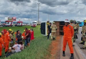 O micro-ônibus que tombou com mais de 30 pessoas a bordo na BR-070 pertence a um pastor. De acordo com...
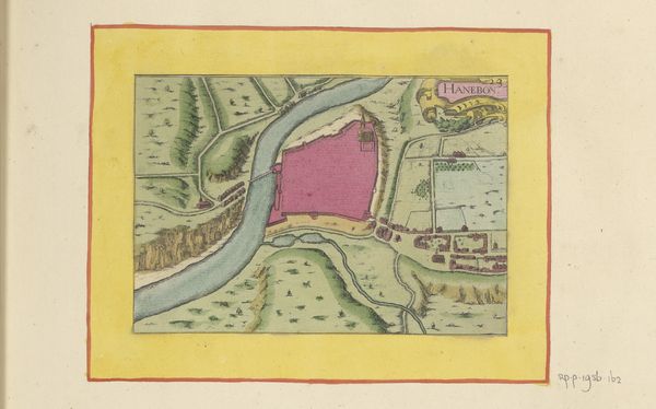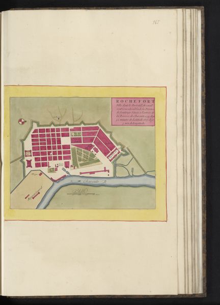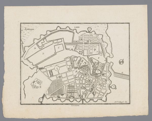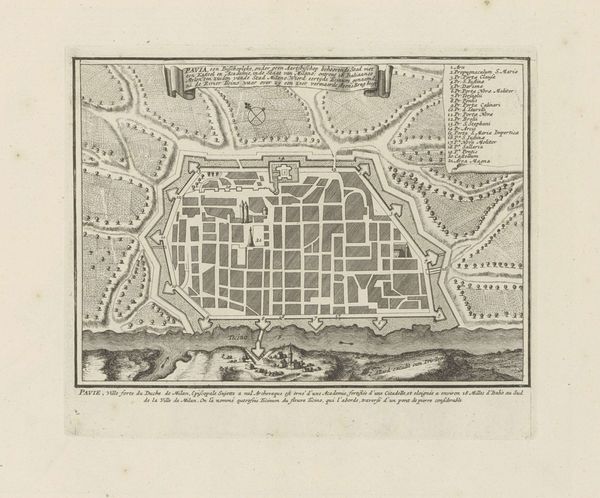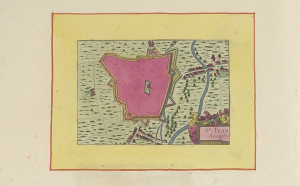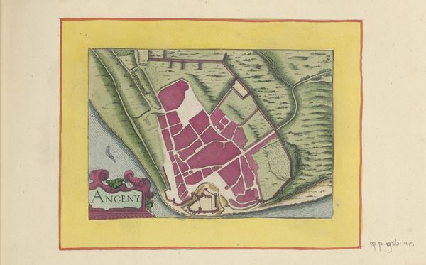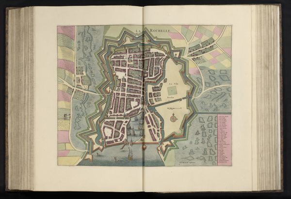 Curator: It looks a bit like a stained-glass window exploded onto a parchment. My eye immediately jumps to those vibrant pink blocks—is that the city itself? Editor: Indeed. Here we have "Kaart van Kythira," a map of Kythira, or Cerigo, as indicated at the bottom of the work. The artist, Willem Swidde, possibly created it between 1679 and 1717. It's a print, using ink on paper—an engraving. Curator: So, a visual representation aiming to distill geography, history, power dynamics, into this two-dimensional form. The strategic, planned layout jumps out; the geometric forms constrained within fortifications speak of a militarized approach to space. How does that interplay with the location’s history and culture? Editor: Well, I find it strangely soothing despite the fortified look you pointed out. Those little squares… they make me think of dollhouses all neatly arranged, though probably life within those walls was anything but doll-like, and probably filled with conflict, especially at a location which represented so many historical and economic trading routes in that particular slice of time. It really offers this simultaneous tension and tranquility. Curator: Absolutely, because when we analyze the geopolitical position of Kythira, strategically located for maritime trade routes and military control, the map functions as more than just a guide; it embodies colonial ambitions, trade dominance, and defensive strategies. How are the populations represented, or rather, omitted? Editor: It’s striking, isn’t it? You see this intricate depiction of space—walls, paths, little suggestion of elevation—but it's all so sterile. I think it is missing that organic energy of humans living and breathing. Although I notice those fine ink drawings which might offer little traces of human activity at the very borders of the island; still, these people are at best ghostly appearances! Curator: Right, and what does that erasure mean in the context of cartography during the Dutch Golden Age? Who was this map intended for? What narratives does it perpetuate or challenge regarding power, ownership, and the "other"? I keep asking myself: what kind of violence, power, race, and control does this visual order seek to legitimize, conceal, or normalize? Editor: Gosh, it’s fascinating to consider. So many possible answers locked inside this little geometric fortress! From my perspective as an artist I find the color choices surprising and somewhat arbitrary, though quite lovely, don’t you think? It somehow breathes an eccentric elegance onto those heavy fortifications! It takes quite an inventive touch to create something so both serious and playful. Curator: Indeed. "Kaart van Kythira" encourages us to think about the multiple layers of meaning embedded in seemingly objective representations. Editor: Definitely gives a lot to reflect on beyond just geographical information.
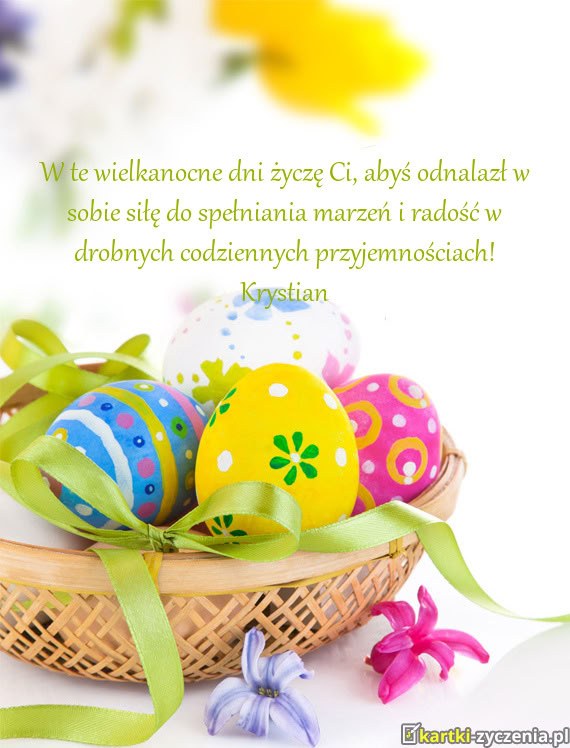 W te wielkanocne dni życzę Ci, abyś odnalazł w sobie siłę do spełniania marzeń i radość w drobnych codziennych przyjemnościach!
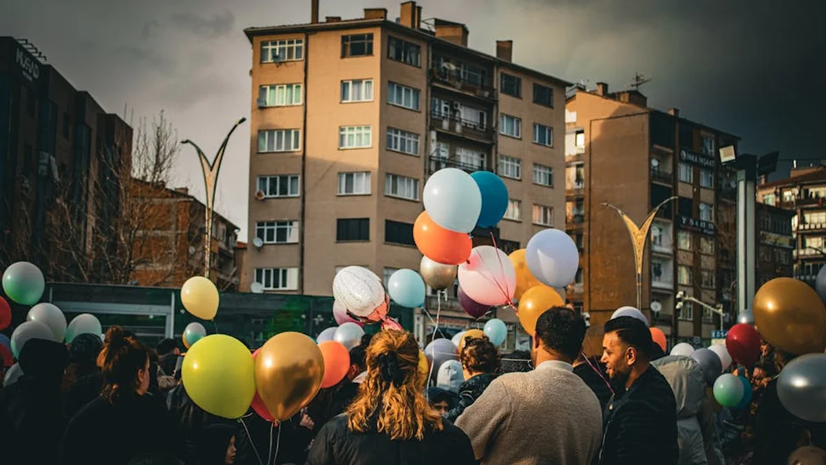 Topics: #house #balloon #people
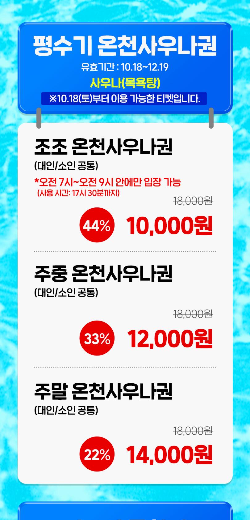 ※온천사우나 권종 티켓은 오전7시에서 오전 9시에만 입장 가능한 티켓입니다 (사용 가능 시간 : 17시 30분까지)
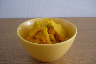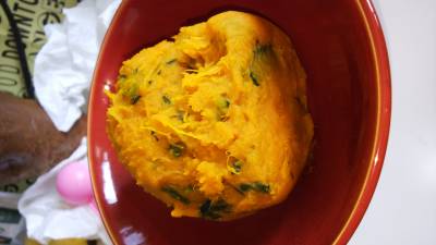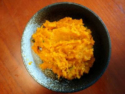 かぼちゃは種とワタを除いてラップで包み、電子レンジ(500W)に3~5分間、柔らかくなるまでかける。
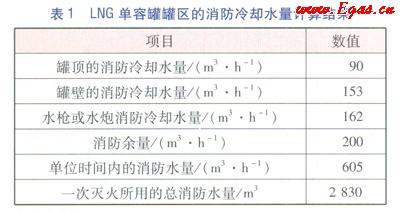 LNG單容罐罐區(qū)的消防冷卻水量計算結(jié)果見表1。
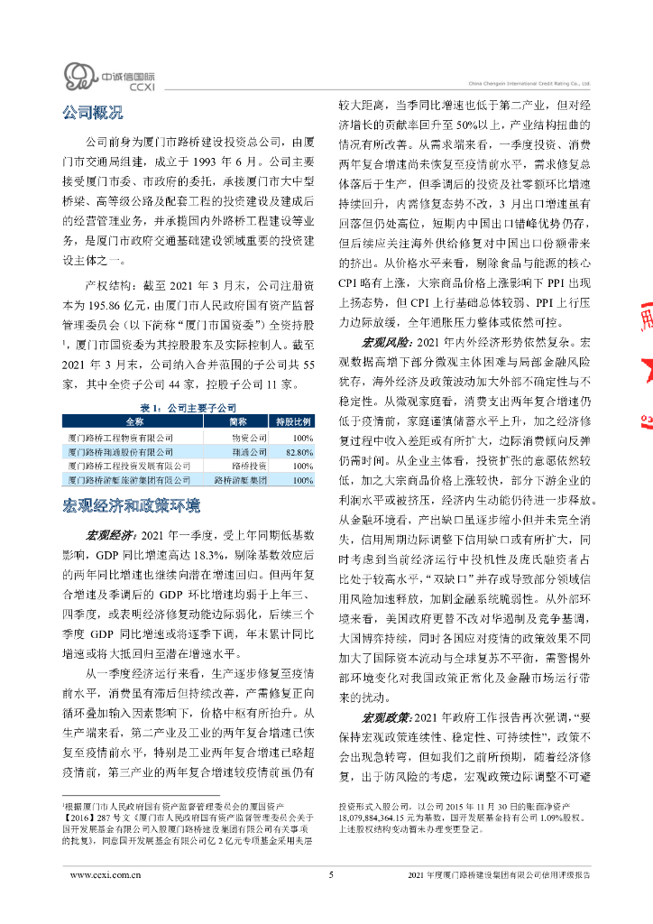 中诚信:厦门路桥建设集团有限公司主体信用评级报告及跟踪评级安排.pdf
------------
Print the stretch of the data from the line with "시간 : 17시 30분까지)" through its last line, exactly and with both ends kept. Omit pictures.

Output of the task —
 ※온천사우나 권종 티켓은 오전7시에서 오전 9시에만 입장 가능한 티켓입니다 (사용 가능 시간 : 17시 30분까지)
 かぼちゃは種とワタを除いてラップで包み、電子レンジ(500W)に3~5分間、柔らかくなるまでかける。
 LNG單容罐罐區(qū)的消防冷卻水量計算結(jié)果見表1。
 中诚信:厦门路桥建设集团有限公司主体信用评级报告及跟踪评级安排.pdf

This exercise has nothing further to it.